Why AI Engineering is closer to Software Engineering than Machine Learning?
Why it’s less about models and more about building products: A Software Engineer’s Perspective
I just finished Chapter 1 of the “AI Engineering” book, and it completely reframed how I think about building AI applications.
As a software engineer, I thought AI engineering would be mostly about understanding complex ML algorithms.
Turns out, that’s not where most of the work happens anymore.
The workflow inversion that changes everything
Traditional ML followed a familiar pattern: collect labeled data for months, train a model, tune hyperparameters, and eventually ship something useful.
That workflow is largely obsolete for most products.
Today, teams start with the product. They pick a strong foundation model (GPT-4, Claude), wire it through an API, build a demo quickly, and put it in front of users. Only after real feedback do they decide whether custom models or fine-tuning are worth it.
The book calls this workflow inversion. It explains why so many AI demos appear overnight and why production-quality systems take much longer.
This isn’t just faster, it fundamentally changes who can build AI applications and what skills matter most.
Scale: the one word that explains everything
Old ML systems depended on labeled data. Want to detect fraud? You needed humans to tag thousands of transactions. At scale, labeling became the bottleneck. ImageNet alone required labeling a million images, costing tens of thousands of dollars.
Foundation models bypass this using self-supervision. Every sentence provides its own training data.
Instead of a human labeling data, the model labels itself.
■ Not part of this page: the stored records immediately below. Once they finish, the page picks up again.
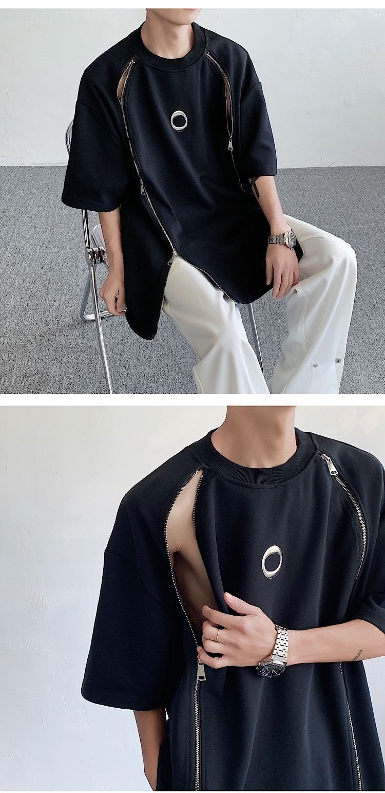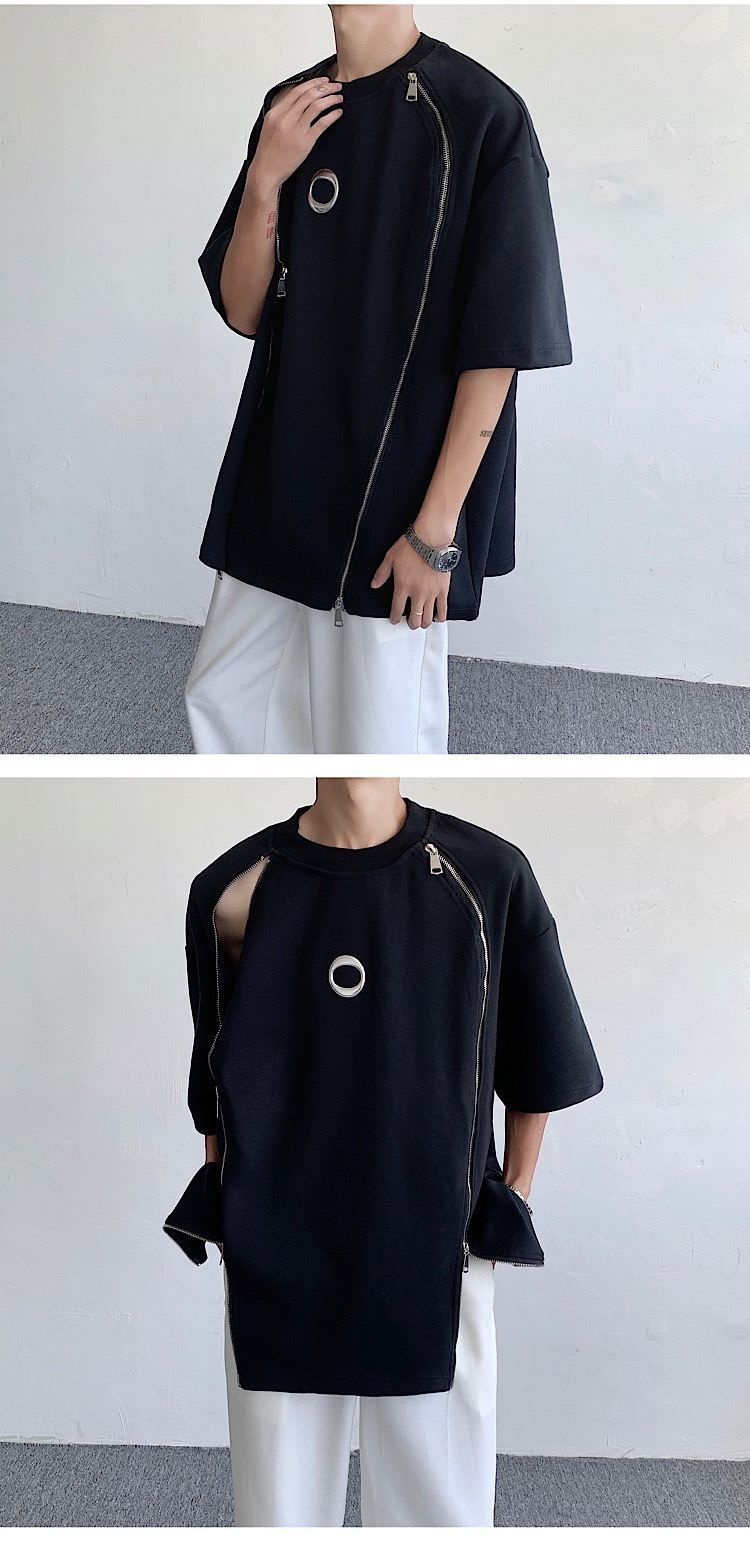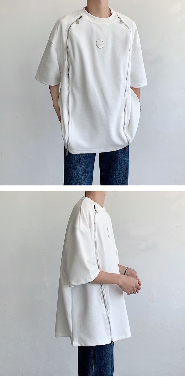 韓国ハイファッションセンス アドバンスド ダブルジッパー 半袖シャツ
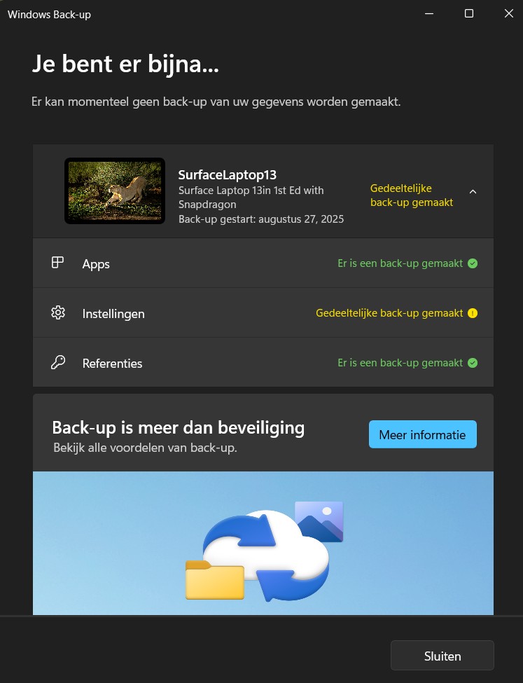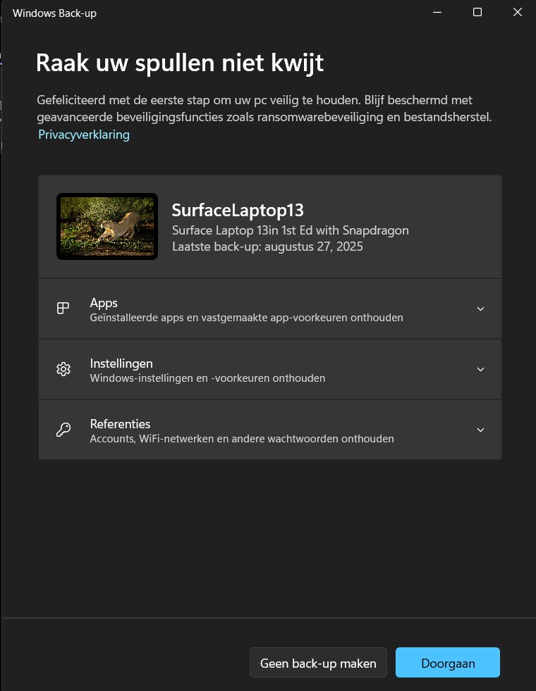 Klik nu simpelweg op Doorgaan om de back-up in gang te zetten. Afhankelijkheid van de hoeveelheid GB duurt dit enkele seconden tot minuten. Om je bezig te houden, voegt Microsoft een link naar een webpagina die je de voordelen van back-ups uitlegt. Of je kan onze back-up-gids lezen in tussentijd. Is de back-up klaar? Vouw het menu even open om te controleren of alles wel is overgezet. Een geel of rood symbool geeft aan dat de back-up maar gedeeltelijk of niet gelukt is. -
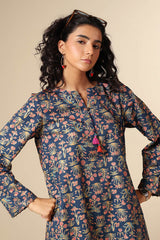 A classic-fit gold-printed shirt with a round neckline and V-slit, adorned with tassel detailing and bead accents on the sleeve hems. Finished with a round hem and paired with a matching printed classic shalwar.
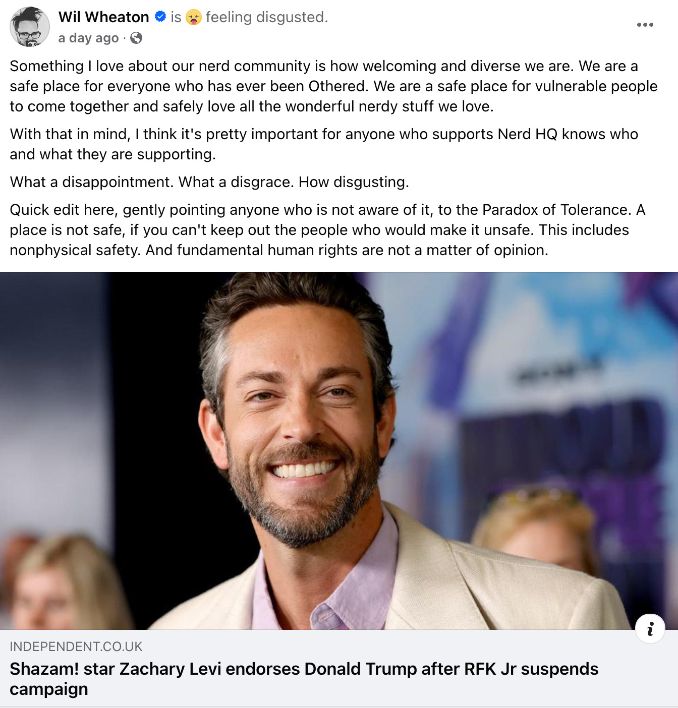 On Facebook, Wil Wheaton posted: “Something I love about our nerd community is how welcoming and diverse we are. We are a safe place for everyone who has ever been Othered. We are a safe place for vulnerable people to come together and safely love all the wonderful nerdy stuff we love.”
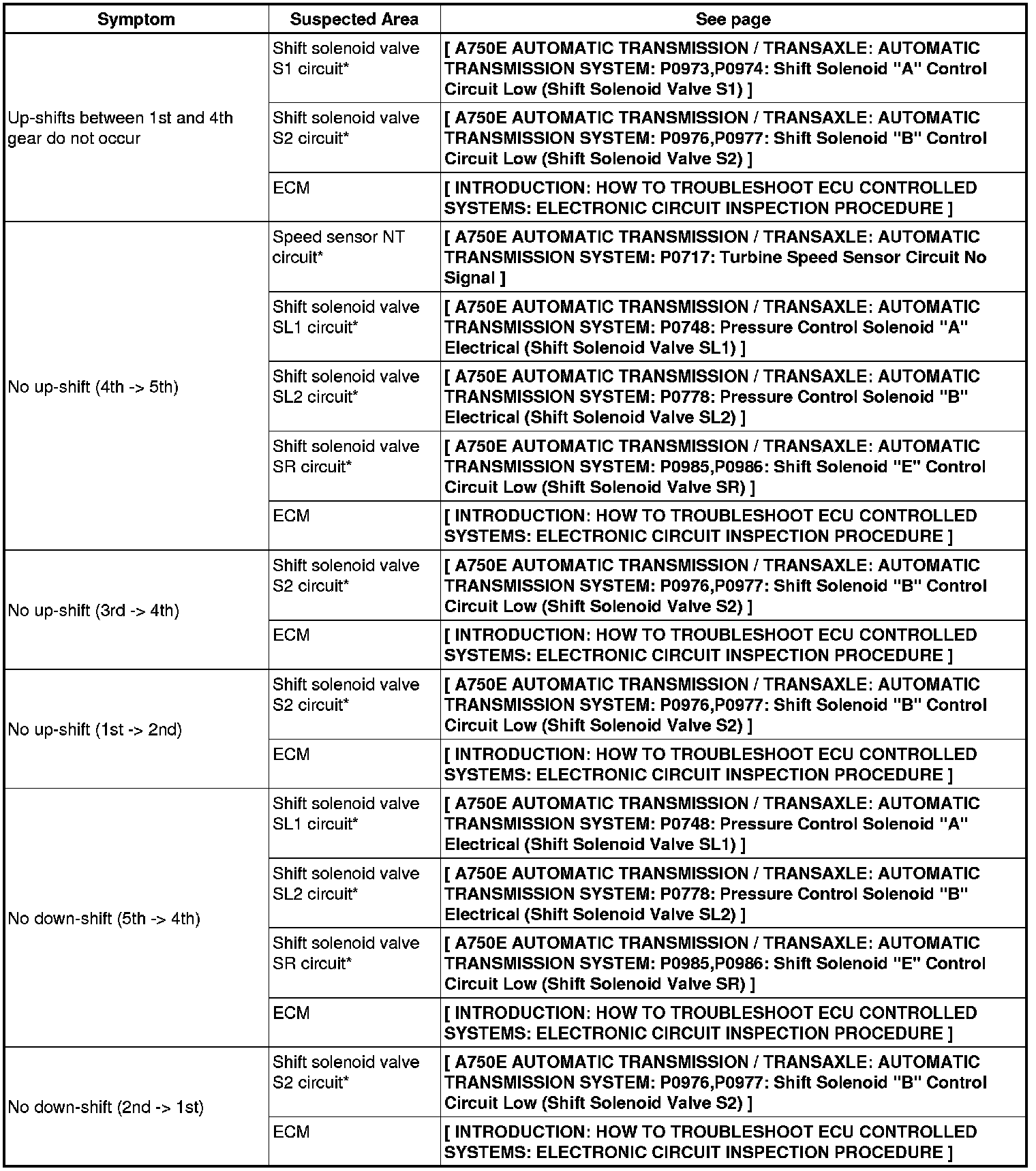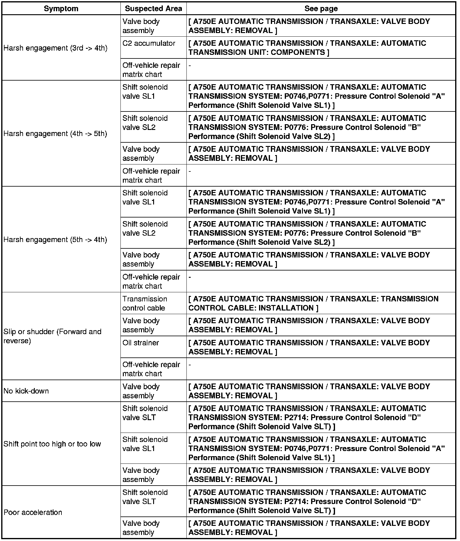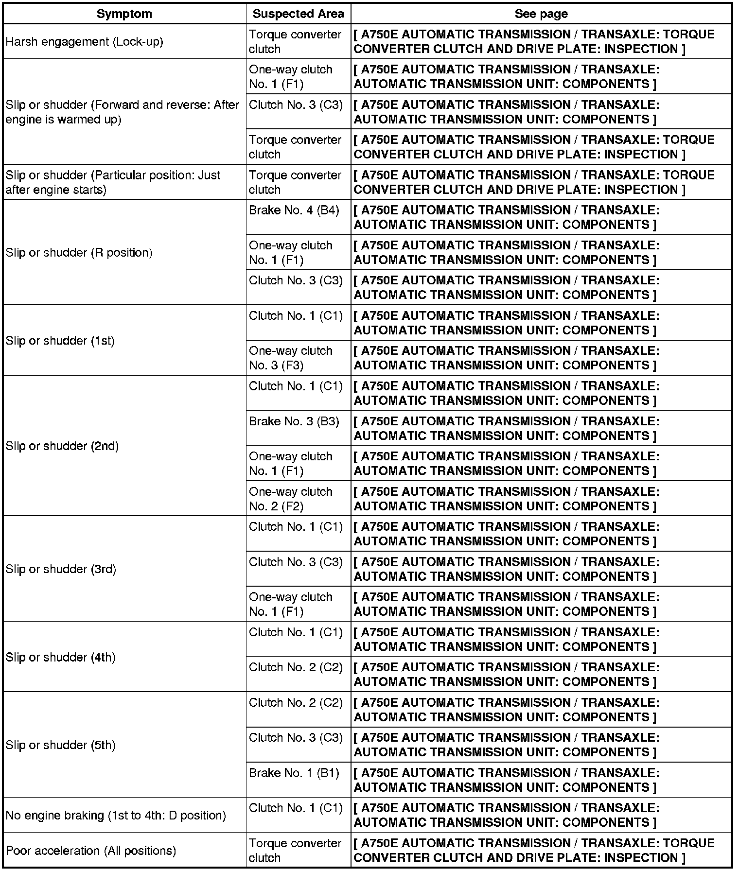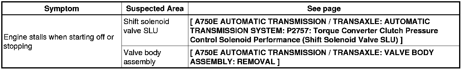A750E AUTOMATIC TRANSMISSION / TRANSAXLE: AUTOMATIC TRANSMISSION SYSTEM: PROBLEM SYMPTOMS TABLE

Think about how you’d finish this sentence: “The server crashed because...” Your brain already has a shortlist of likely next words - “the memory,” “a bug,” “too many requests.” That intuition came from reading thousands of similar sentences over your lifetime.
Language models learn the same way, just faster and at massive scale. Feed it “The server crashed because” and it predicts the next word. Then the next. Then the next. Every sentence on the internet - billions of them - becomes a free training example. No human labels. No bottleneck. Just pattern recognition at a scale no human team could ever match.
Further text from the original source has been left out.